### What needs to be done
When you reach the line with "花蓮市重慶路火警現場火勢猛烈濃煙沖天。翻攝畫面" in the listing below, write out that line and every one after it exactly, and skip the pictures.

### Given records
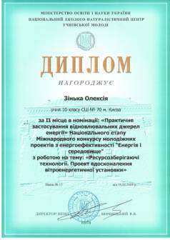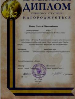 Міжнародному конкурсі молодіжних інновацій і розробок «Новий Час» в конкурсі «Молодий винахідник» в
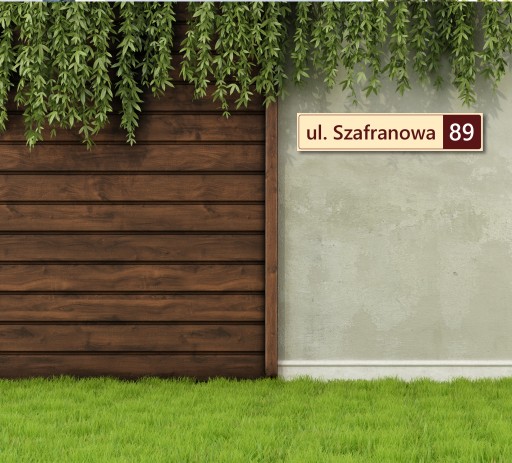 Tabliczkę mocujemy do elewacji za pomocą kleju montażowego ( MAMUT czy TYTAN ). Można również przykręcić za pomocą wkrętów oczywiście po uprzednim wywierceniu otworów w narożnikach.
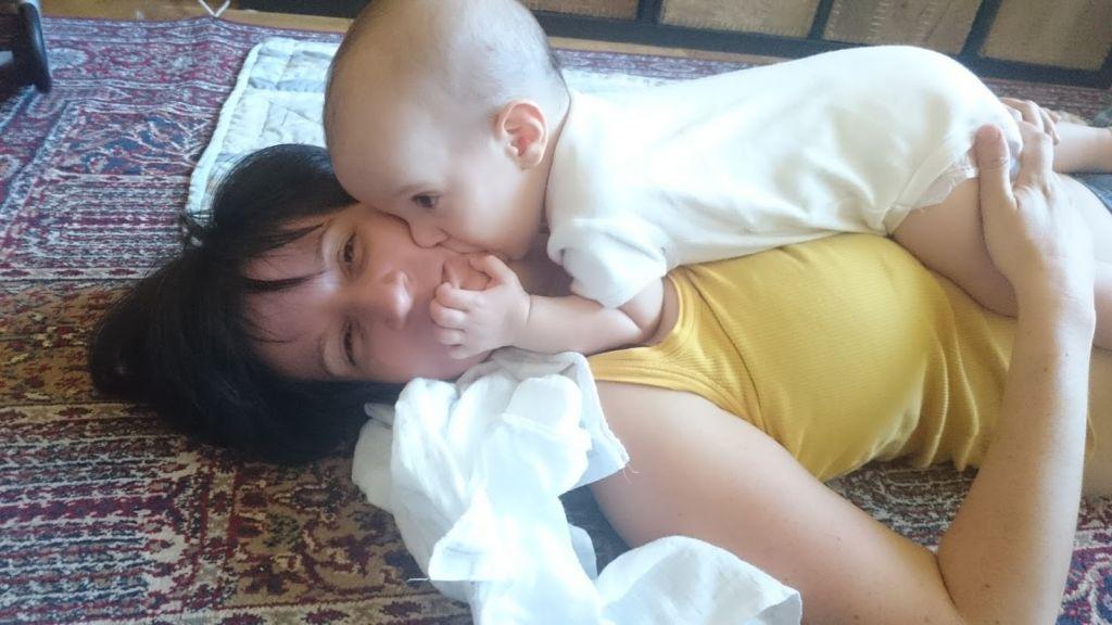 A héten Mimó fejlődésében főleg az eddigi jó dolgok hoztak újdonságot. Ez számunkra minden percben izgalom. Például, a nem sokkal korábban még nagy dolognak számító lovacskázás már teljesen alap, épp csak álmában nem csinálja. Rájött, hogy úgy haladhat előre, hogy ha négykézláb van, emelgeti a térdeit. Ezt meg is teszi, csak még az egymás után rakosgatás nem stimmel. Az anyatejen kívüli kóstoltatásban is nagyot ugrottunk. A napi néhány kanálról emeltük a szintet, és almából negyedet, barackból pedig felet is megeszik Baba úr alkalmanként. Sőt, már nem hogy nem fintorog, hanem, ha meglátja a kanalat, nagy izgalomba jön és várja a fincsit.
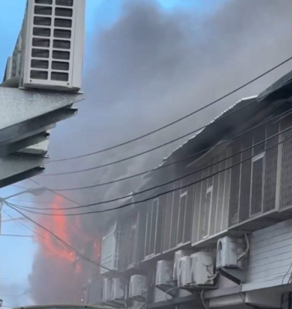 花蓮市重慶路火警現場火勢猛烈濃煙沖天。翻攝畫面
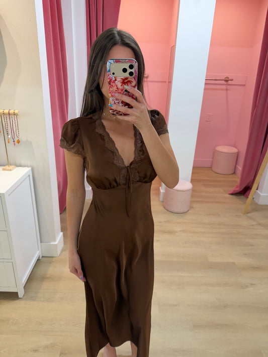 Vivi Lace Trim Satin Midi Dress
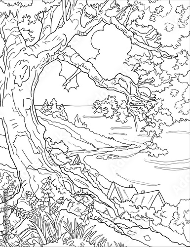 Landscape coloring pages, Landscape drawing for kids, Nature drawing, Landscape illustration, Coloring pages
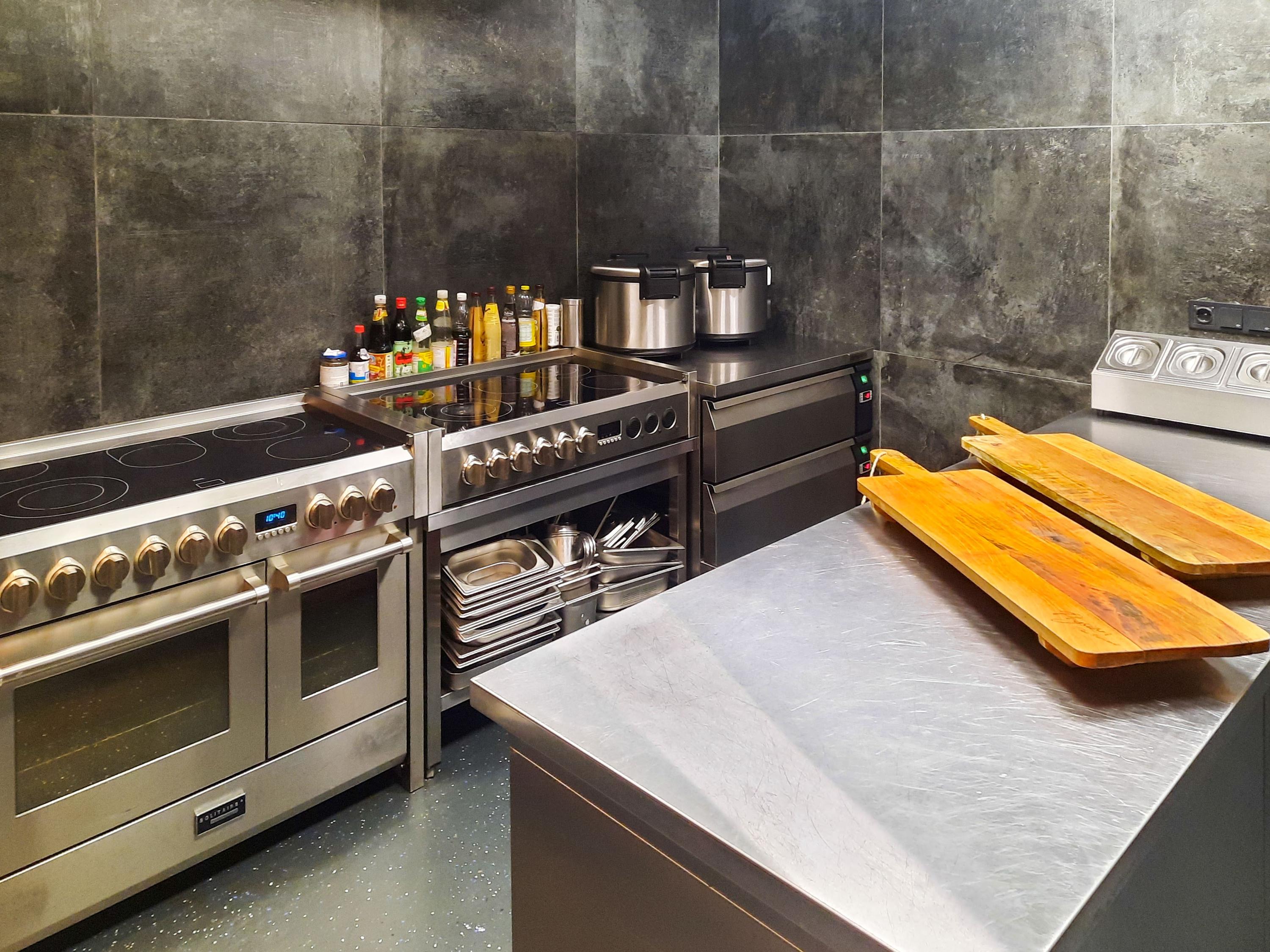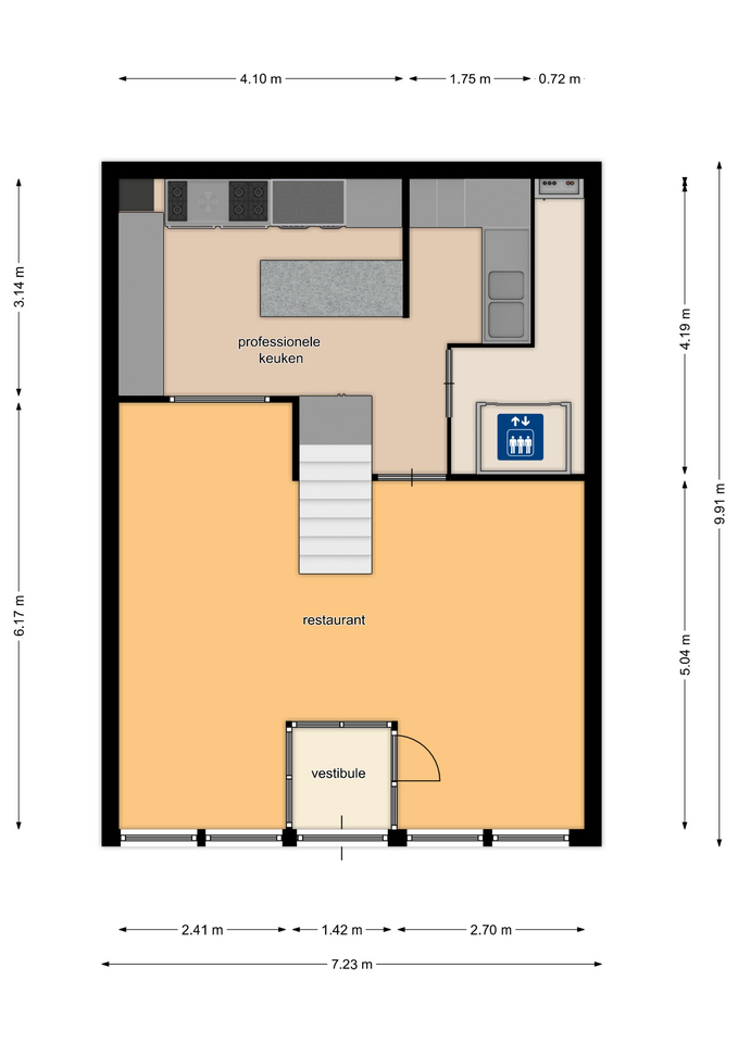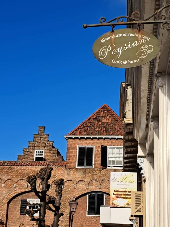Bij binnenkomst is de oude houten eiken vloer authentiek gelegd. De nostalgische schouw met gele ijseltjes geven de een klassieke uitstaling aan dit restaurant samen met de mooie brede eiken trap wordt de sfeer gecreëerd. Links van de trap is het aanzicht naar de open keuken en rechts naar de ingang van de spoelkeuken. Onder de trap is de mogelijkheid om de aanwezige middeleeuwse kelders te betreden waar zelfs de originele kalkafwerking te zien is. In de kelders is de optie om een toiletgroep te maken. In de ruime professionele keuken staan een vele nieuwe apparaten (gasloos) waaronder een warmhoudkast, koel- en vriesladekast en afzuigkap. De spoelkeuken is van alle gemakken voorzien met veel extra opbergruimte.

### Answer below
 花蓮市重慶路火警現場火勢猛烈濃煙沖天。翻攝畫面
 Vivi Lace Trim Satin Midi Dress
 Landscape coloring pages, Landscape drawing for kids, Nature drawing, Landscape illustration, Coloring pages
Bij binnenkomst is de oude houten eiken vloer authentiek gelegd. De nostalgische schouw met gele ijseltjes geven de een klassieke uitstaling aan dit restaurant samen met de mooie brede eiken trap wordt de sfeer gecreëerd. Links van de trap is het aanzicht naar de open keuken en rechts naar de ingang van de spoelkeuken. Onder de trap is de mogelijkheid om de aanwezige middeleeuwse kelders te betreden waar zelfs de originele kalkafwerking te zien is. In de kelders is de optie om een toiletgroep te maken. In de ruime professionele keuken staan een vele nieuwe apparaten (gasloos) waaronder een warmhoudkast, koel- en vriesladekast en afzuigkap. De spoelkeuken is van alle gemakken voorzien met veel extra opbergruimte.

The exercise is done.